HomeBusiness & FinanceBank of Canada cuts interest rate by half point to 3.25 per cent, eyes slower pace

Bank of Canada cuts interest rate by half point to 3.25 per cent, eyes slower pace

Bank of Canada cuts interest rate by half point to 3.25 per cent, eyes slower pace

The Bank of Canada made its second straight outsize cut in interest rates and signalled policymakers are ready to slow down monetary easing.

 

Officials led by Governor Tiff Macklem lowered the benchmark overnight rate by 50 basis points to 3.25% on Wednesday, bringing borrowing costs to the top end of the range of their estimate for the neutral rate — a level that’s neither restrictive nor stimulative for the economy.

 

Yet they also suggested the jumbo cut — which was anticipated by markets and most economists — will likely be followed by a return to smaller cuts in 2025. Officials dropped language that had been in previous statements that said they expect to reduce borrowing costs further if their forecasts materialize.

While Canadian policymakers expect inflation to be close to the 2% target over the next couple of years, the government’s reduced immigration targets, two-month sales tax holiday, and potential tariffs may change the outlook for growth and inflation in the months ahead, Macklem said.

 

Prime Minister Justin Trudeau’s government is suspending sales taxes on certain products starting in mid-December, which is expected to temporarily lower inflation to around 1.5% in January, but that effect would be unwound after the program ends in mid-February, the governor said. And with the level of immigration to decline, slower population growth will also reduce economic growth, he said.

 

“Unless we get a material dose of fiscal stimulus for 2025, the sluggish growth path and considerable economic slack calls out for a monetary policy setting that at least dips into stimulative territory,” Avery Shenfeld, chief economist at Canadian Imperial Bank of Commerce, said in a report to investors.

 

“We’re therefore sticking to our target for a series of quarter point cuts to take the overnight rate to 2.25% by mid-2025.”

 

The loonie’s risk profile remains highly asymmetric, said Karl Schamotta, chief market strategist at Corpay. “Bad news is, to a significant degree, already priced into the exchange rate, and traders have been bracing for a widening in the gap between US policy rates and their Canadian equivalents for months,” he said in a report to investors.

 

“An improvement in domestic fundamentals or a slowdown in the American economy could deliver modest exchange rate gains in the new year,” Schamotta added.

 

Stephen Brown with Capital Economics pointed out the “hawkish change” of replacing the line from recent statements that policymakers “expect to reduce the policy rate further” with the more ambiguous pledge to evaluate “the need for further reductions in the policy rate” at each decision.
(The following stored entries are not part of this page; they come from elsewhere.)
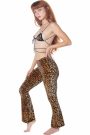 Tight-fitting flared trousers in a smooth leopard patterned plush. With a sensual burgundy picot edge waistband.
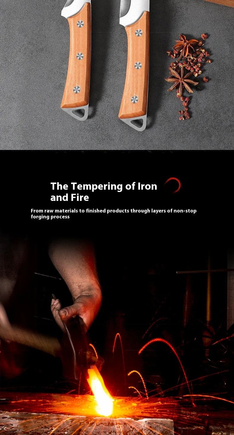 Stainless Steel Fillet Boning Knife Professional Chef's Kitchen Knife Forged Meat Cleaver Fish Slicing Knife Wooden Handle
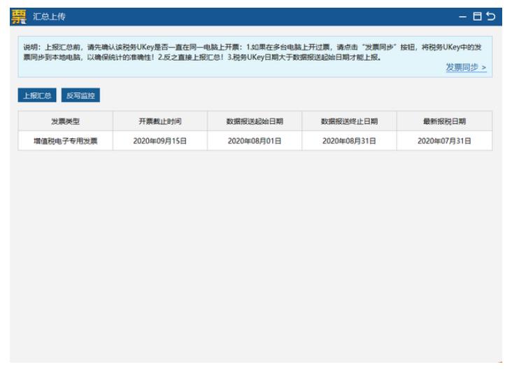 税务Ukey需要进入汇总上传页面进行反写监控。

“That is largely because the 50 basis-point cut means we are now at the top end of the Bank’s 2.25% to 3.25% neutral range estimate. Additional interest rate cuts still seem likely, however,” Brown said in a report to investors.

 

The bank sees job market as softening, with the number of people looking for work still rising faster than the number of jobs. Rate cuts have spurred consumer spending and housing activity, but growth in the third quarter was pulled down by business investment, inventories and exports.

 

“Monetary policy no longer needs to be clearly in restrictive territory,” he said. “We want growth to pick up to absorb the unused capacity in the economy to keep inflation close to 2%.”